Transcribe exactly, and only, the lines running from the one with "I dug through" to the end of the entries below, both included, without any pictures.

*** Opening of SOURCE MATERIAL ***

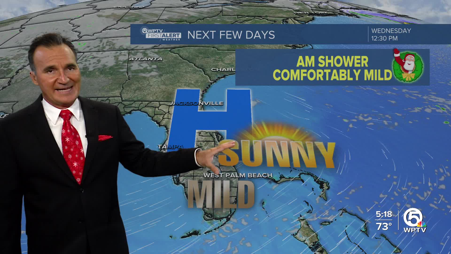 High temperatures are in the upper 70s, and lows will be around 61 degrees on the Treasure Coast and 67 on the Palm Beaches.
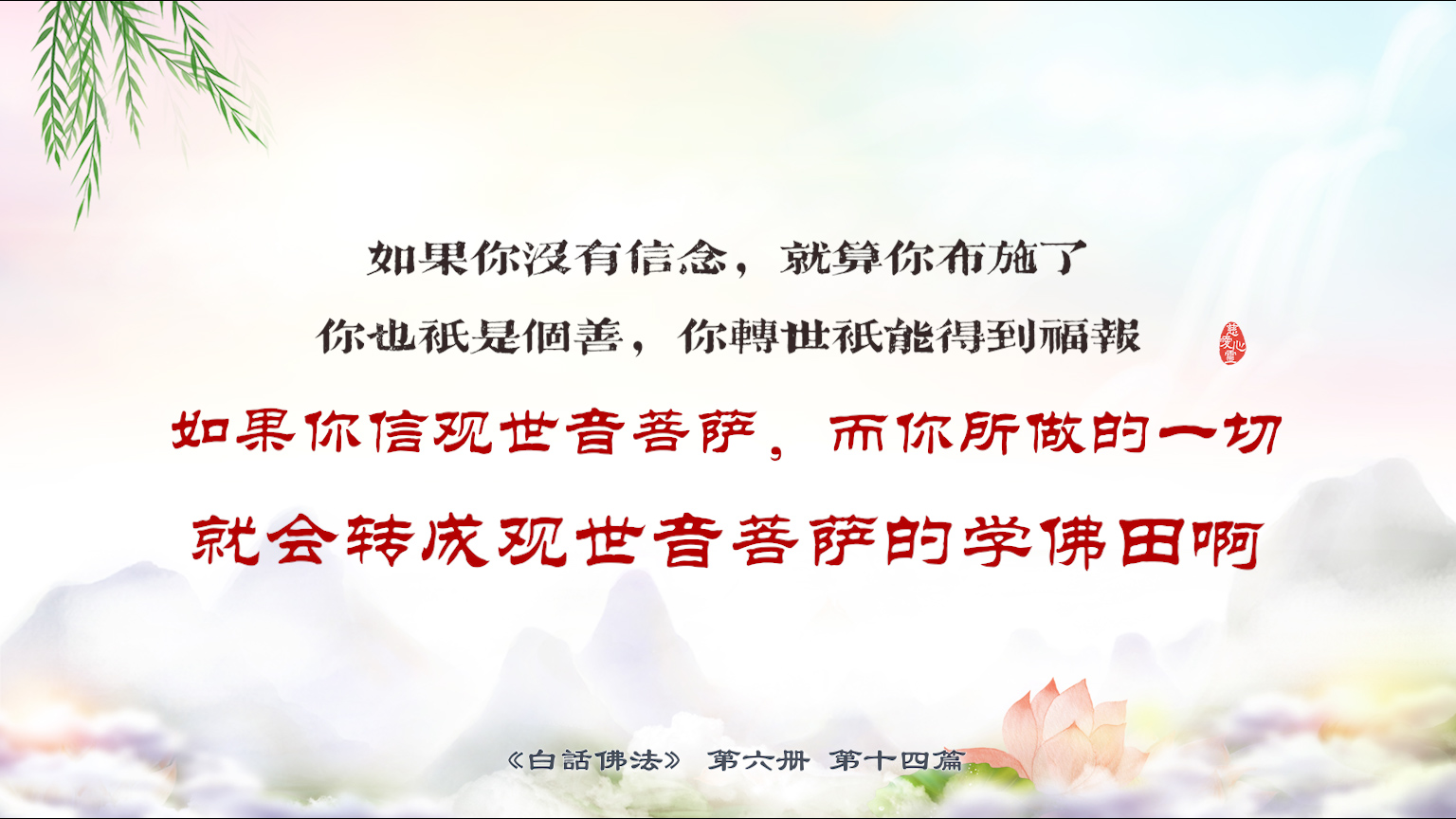 不限会员 6-14-12 如果 你没有信念,就算你布施了,你也只是个善,你转世只能 得到福报;如果你信观世音菩萨,而你所做的一切就会转 成观世音菩萨的学佛田啊【图】
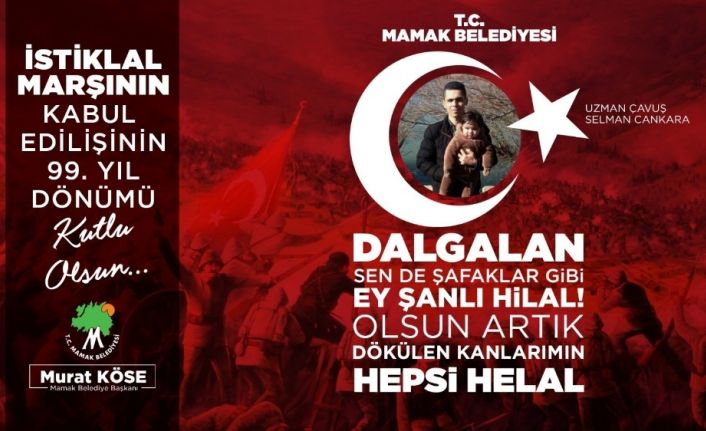 Mamak Belediyesi tarafından İstiklal Marşı’nın kabulünün 99’uncu yıl dönümünde gerçekleştirilen etkinlikte İdlib şehitleri de unutulmadı. İstiklal Marşı’nın kabulünün kutlandığı tasarımlarda milli marşın “Dalgalan sen de şafaklar gibi ey şanlı hilal. Olsun artık dökülen kanlarımızın hepsi helal” dizelerini de alıntılayan belediye, etkinlikte kahraman şehitlerin fotoğraflarına da yer verdi.
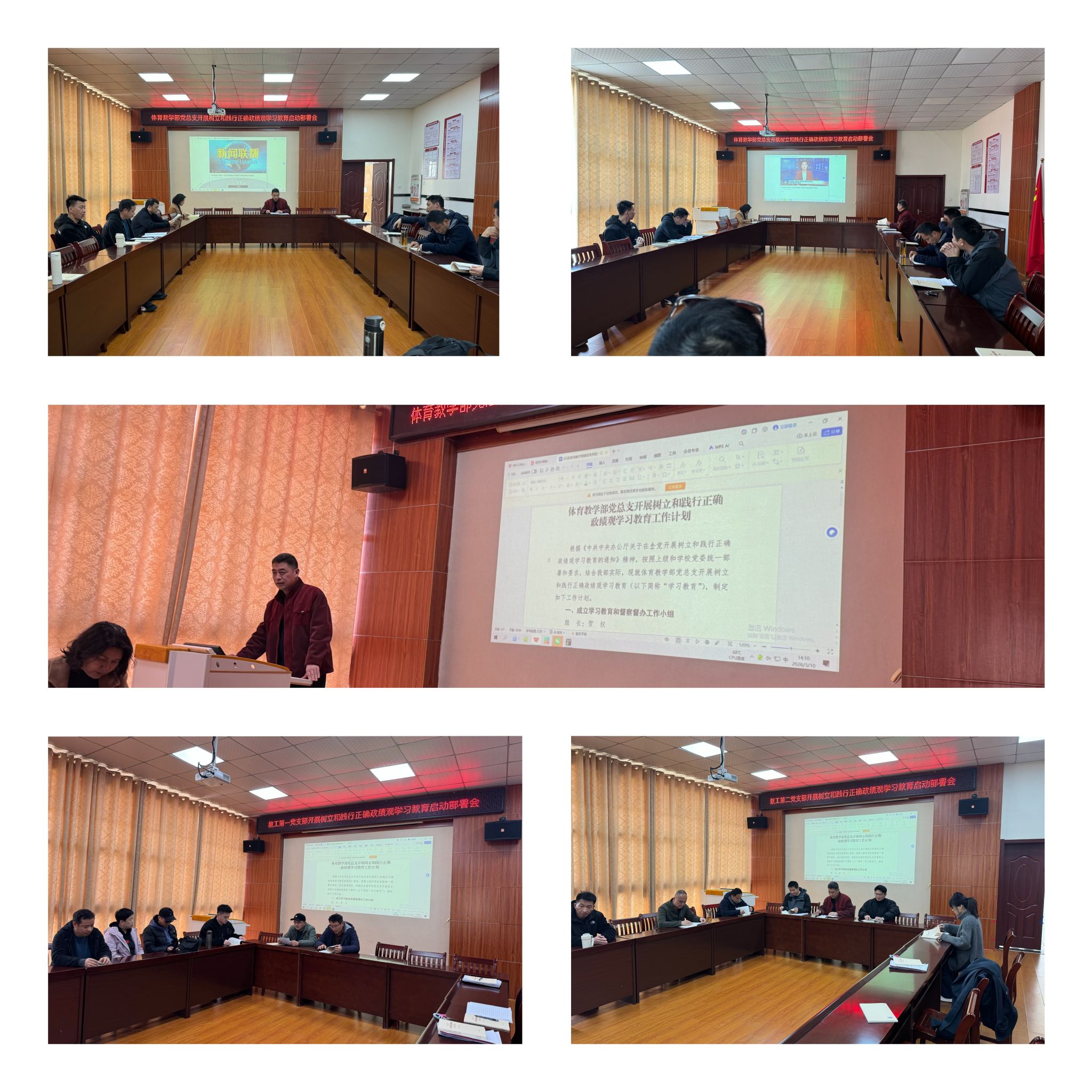 3月10日,体育教学部党总支召开党员大会暨开展树立和践行正确政绩观学习教育部署会,传达学习校党委党建工作领导小组会议精神,对部门开展树立和践行正确政绩观学习教育进行动员部署。
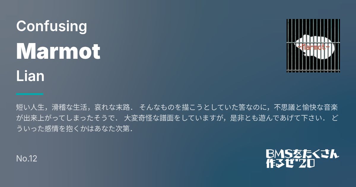 短い人生,滑稽な生活,哀れな末路. そんなものを描こうとしていた筈なのに,不思議と愉快な音楽が出来上がってしまったそうで. 大変奇怪な譜面をしていますが,是非とも遊んであげて下さい. どういった感情を抱くかはあなた次第.
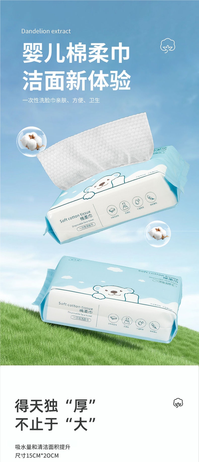 洗顔タオル使い捨てタオル抽出式洗顔タオルを大きくして、綿の柔らかいタオルを厚くして、毛の真珠の紋様を落とさないで、顔のタオルを拭きます。
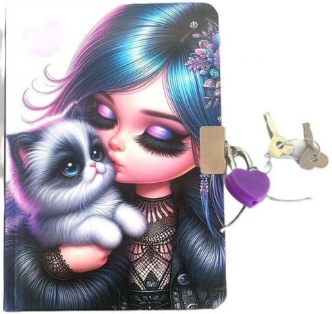 Pamiętnik z kłódką A6/64K gładki Dziewczynka z kot
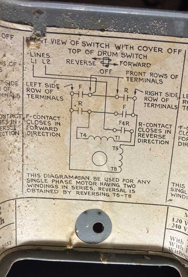 I dug through my box of switches and came across a drum switch which was rated for the 1.5HP Dayton motor. Here is the shot of the wiring diagram from inside the cover of the drum switch…
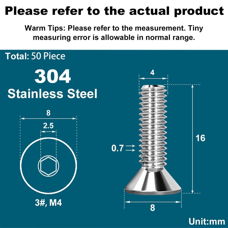 • Product Parameters: Size: M4 x 16mm, quantity: 50 pieces, type: DIN 7991 (ISO 10642) countersunk screws with hexagon socket, fully threaded.

*** Close of SOURCE MATERIAL ***

- **OUTPUT OF THE EXERCISE**
 I dug through my box of switches and came across a drum switch which was rated for the 1.5HP Dayton motor. Here is the shot of the wiring diagram from inside the cover of the drum switch…
 • Product Parameters: Size: M4 x 16mm, quantity: 50 pieces, type: DIN 7991 (ISO 10642) countersunk screws with hexagon socket, fully threaded.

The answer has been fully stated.